A specific Fcγ receptor on cultured rat mesangial cells

Mesangial cells represent specialized pericytes in the renal glomerulus that contribute to the regulation of a variety of glomerular functions. Recently we and others have shown that cultured mesangial cells bind and take up immunocomplexes in an Fc-dependent manner leading in turn to generation of PGE₂, reactive oxygen, and platelet-activating factor. The present studies were designed to further characterize potential Fc-γR on mesangial cells. Binding assays with either monomeric or heat aggregated (HA) [¹²⁵I]labeled rat subclass-specific IgG were performed at 4°C for 2 h on subcultured rat mesangial cells. Monomeric rat IgG2a, IgG2b, IgG₁ and HA IgG2a bound only nonspecifically. Saturable Fc-dependent binding occurred for HA IgG(2b) and HA IgG₁ though maximal binding and affinity were much higher for IgG(2b).
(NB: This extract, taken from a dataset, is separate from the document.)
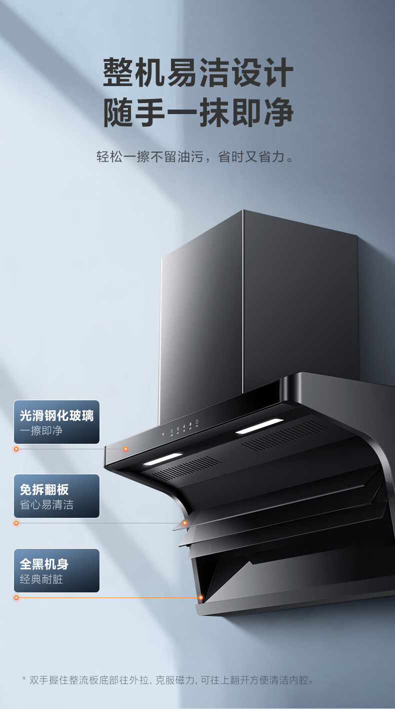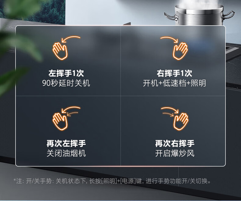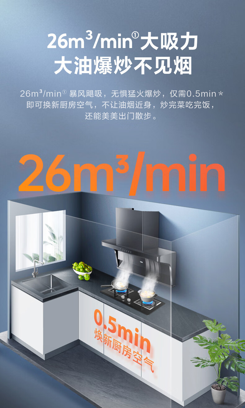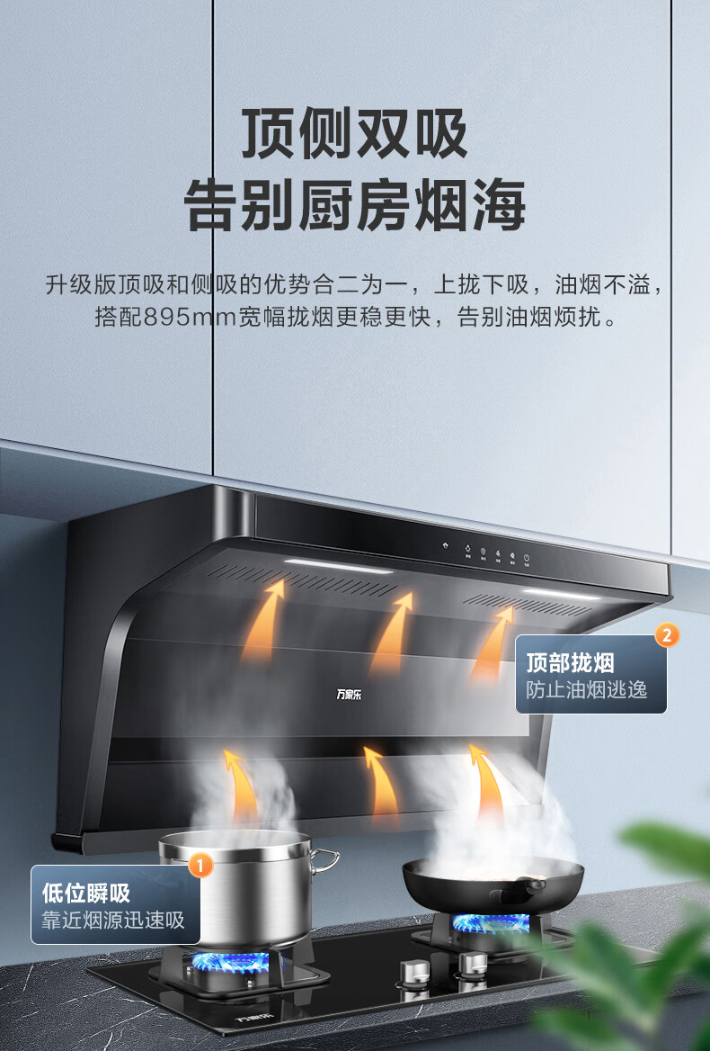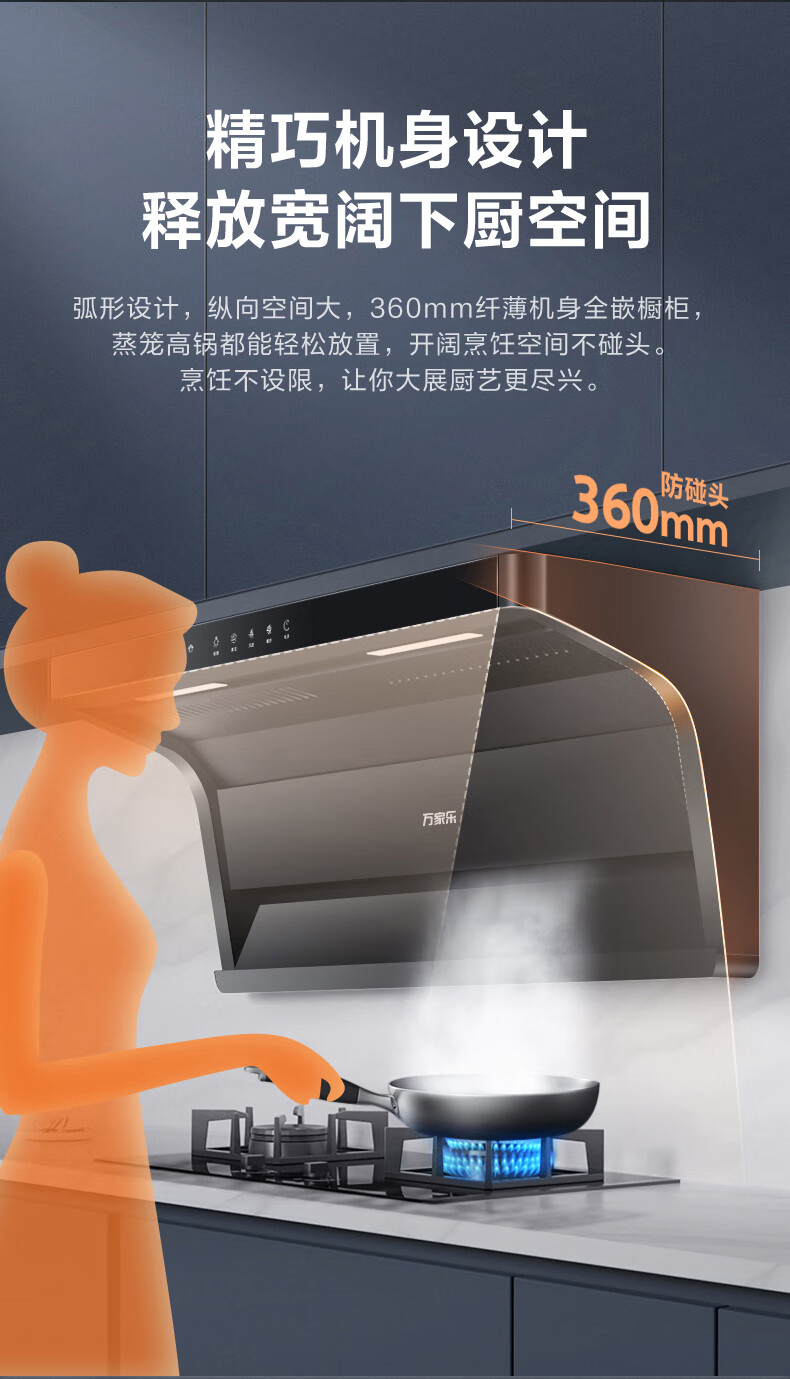 万家乐油烟机【小鲸喜AK6】抽油烟机挥手智控 26立方爆炒大吸力顶侧双吸不碰头 烟灶联动自清洗吸油烟机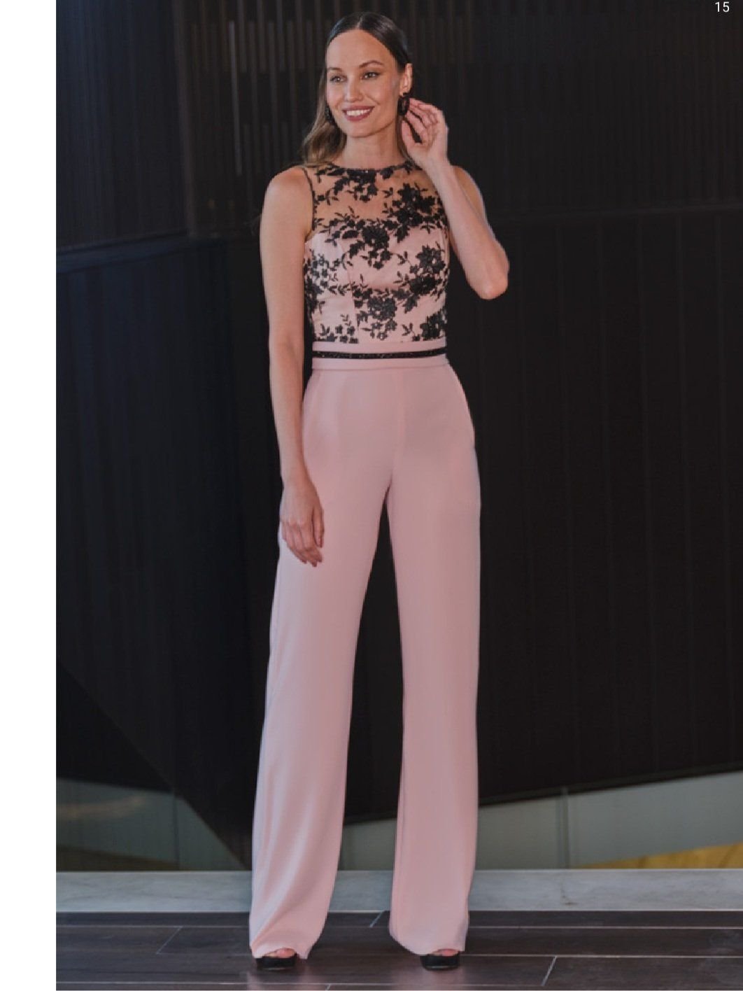 El modelo Judit es especialmente femenino y coqueto, pues además de su ancho pantalón palazzo con bolsillos internos y cinturilla con cinturón de fajín, super confortable, presenta un cuerpo de ensueño, de encaje, blonda y pailletes , donde las semitransparencias maridan con su cuerpo interior de escote palabra de honor y tono a contraste, de escote cerrado en el frente, y espalda semi descubierta.

The presence of an Fc-γR was confirmed by surface protein iodination of mesangial cells (MC) and immunoprecipitation with either a polyclonal or mAb 2.4G2 prepared against murine Fc-γR. Both antibodies precipitated a 45-kDa iodinated protein band from cultured rat MC that comigrated with that from murine macrophage J774 cells on SDS-PAGE. This protein band also reacted with the polyclonal anti Fc-γR antibody on immunoblots. In contrast rat renal papillary epithelial cells were negative. The 45-kDa protein recognized by the rat anti-Fc-γR antibody 2.4G2 probably represents the binding site for HA IgG(2b), as the 2.4G2 antibody also blocked binding of HA IgG(2b). By immunofluorescence microscopy all MC stained positively with the polyclonal anti-Fc-γR antibody. A cDNA probe for the Fc-γRII-α on murine macrophages hybridized to mRNA from cultured rat MC which was of the same size (though less abundant) as that from J774 macrophages. These results further characterize the Fc-γR on cultured rat MC, and raise the possibility that the mesangial Fc-γR may play a role in the handling of immune-complexes by the renal glomerulus.